Consider the case of wireless channel errors. The figure below shows
a general scenario where the TCP sender is connected to the base
station by a wired link and the TCP receiver is connected to a base
station over a wireless link. The wired path between the base station
and the sender TCP could consist of several hops, but would not
affect the discussion here and so is shown as a single hop. The round
trip time between the base station and wireless link is indicated by
'rtt' and the end-to-end round trip time between the TCP sender and
the TCP receiver is indicated by 'RTT'.
+---------------+
| rtt |
| |
wired | wireless |
TCP link V link | TCP
Sender 0-----------------0---------------0 Receiver
^ Base |
| Station |
| |
| RTT |
+---------------------------------+
Figure 3: General scenario for a wireless network.
Bhandarkar/Reddy Expires April 2004 [Page 6]

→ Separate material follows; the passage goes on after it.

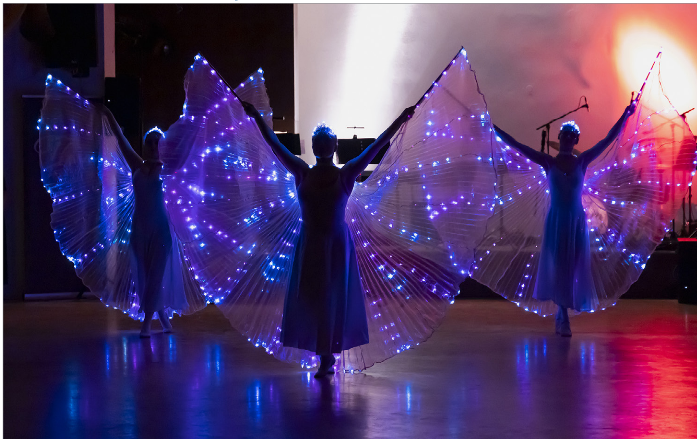
Vystoupení umělecké skupiny FANTASTIC Art na reprezentačním městském plese ve společenském domě.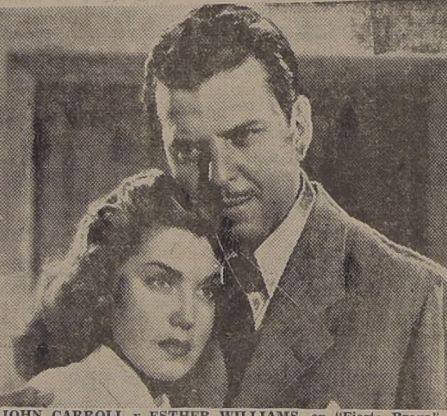
JOHN CARROLL y ESTHER WILLIAMS en "Fiesta Brava"

draft-tcp-dcr-00 October 2003
In the above scenario, if we ignore ambient delays (e.g., inter-
packet delay, queuing delay, etc.), a packet sent by the TCP sender
at some time 't0' reaches the base station at 't0 + (RTT/2 - rtt/2)'
and the receiver at time 't0 + RTT/2'. Suppose, a packet 'k' sent at
time 't0' is lost on the wireless link due to channel errors. Then at
't0 + RTT/2 + rtt/2' the base station receives an indication that the
packet 'k' is lost. If it immediately retransmits the packet, then
the packet 'k' is recovered at the receiver at time 't0 + RTT/2 +
rtt'. The sender receives an acknowledgement for the packet 'k' at
't0 + RTT/2 + rtt + RTT/2'. Hence the sender would have to delay the
congestion response by at least 'rtt' time units, to allow the link
layer to recover the packet. In practice, the inter-packet delays are
non-zero and the TCP sender does not know the value of 'rtt'. Hence,
a simple solution would be to set the lower bound on the delay in
congestion response to one 'RTT'.
The upper bound on the delay is imposed by the retransmission timer
of TCP. The delay should be chosen such that the RTO timeout is
avoided, because a timeout would be detrimental to the performance of
protocol. The RTO is usually set to (RTT + 4 * RTTVAR). The standard
recommends a minimum of 1 second, but many TCP implementations have a
much smaller minimum, e.g., 100 ms. This forms the upper bound on the
value for the congestion response delay tau.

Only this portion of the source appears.